And now I had a body for it, not nearly
so elegant as the brain, but still years ahead of the competition. Having
precision dremels and other such tools as hands really speeds up the prototyping
process.
With another hand I opened the skull chamber and clicked the brain into
place, while a third hand was already wheeling the power cart over. I
plugged in the power harness, and the concentric servo at the base of the
skull injected the spinal cap into the brain, establishing the main
communications link, followed quickly by the snap of the power pads on
either side of the brain clicking into place and bringing the mind within
to life.
Here, my dream took a strange turn. From this point forth I remember
two dreams, as if from two different people. Yet both, while independent
memories, intuitively happened at the same time. I had just a moment before
been in a simulation, running around a simulated environment in a simulated
robotic body. I felt still in awe that I was alive at all, the memory of the
pre-scan party with my friends still fresh, my incorporeal existence still novel
to me. But at the same time my identity felt contaminated, holding memories
and knowledge and feelings that were mine but not of my life, acquired through
direct synaptic imposition without the benefit and continuity of experience.
I was no longer the pre-scan me, nor even the post-scan me, but a strange
blend of that relatively untainted me and this other, older me that was somehow
grander than my little mind could comprehend.
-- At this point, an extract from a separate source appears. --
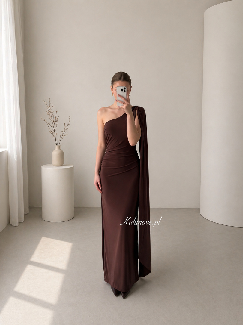 Sukienka w głębokim, czekoladowym odcieniu została uszyta z elastycznego, przyjemnego w dotyku materiału, który subtelnie dopasowuje się do sylwetki, podkreślając jej atuty.

It was as if I had become a
god in an alternate universe, and then come back and stepped into my old body
while the original me still occupied it.
It was at once constraining and
liberating. I felt more knowledgeable than I ever had, and yet somehow dumber
than I ought to be. It was disconcerting. Invigorating. My optic
nerves engaged, and I was momentarily blinded by light.
I opened my irises a little, having instinctively snapped them shut. The
room was strangely distorted. There was a fleck of shaved steel in my
eye. The other me reached over with a long arm trailing a mess
of tubes and ducts, and blew the fleck clear of my eye with a burst of
air, then lifted me upright on the bench. And there I sat, looking
around the room, feeling my vision adapt into normalcy, accommodating
the subtle variations between the perfection of simulation and the
irregularities of the physical self. I moved my legs, my arms, turned
my head. I spoke, but the sound was quite awful; I practiced a little
and soon I sounded fine.
I was exhilarated! I was back in the world,
the real, physical world, moments away from walking out the door on my
own two feet! I hopped off the bench, took half a step, and promptly
crumpled over my own knee, face-first into the ground.
The other me
reached in with my long arms and picked me up, under the knees and
shoulders so that for a moment I looked quite frail. I laid me down
back on the bench, cleaned me up, adjusted one of my cameras until my
double-vision returned to normal.
Again I helped me up, offered me a hand as I stood back on the
floor, took careful steps across the room, then back, then across
again, with less and less help each time until finally I felt comfortable,
calibrated to my new mechanics. This body felt so very sloppy compared
to the simulated one, even though we'd tried to account for slop and play.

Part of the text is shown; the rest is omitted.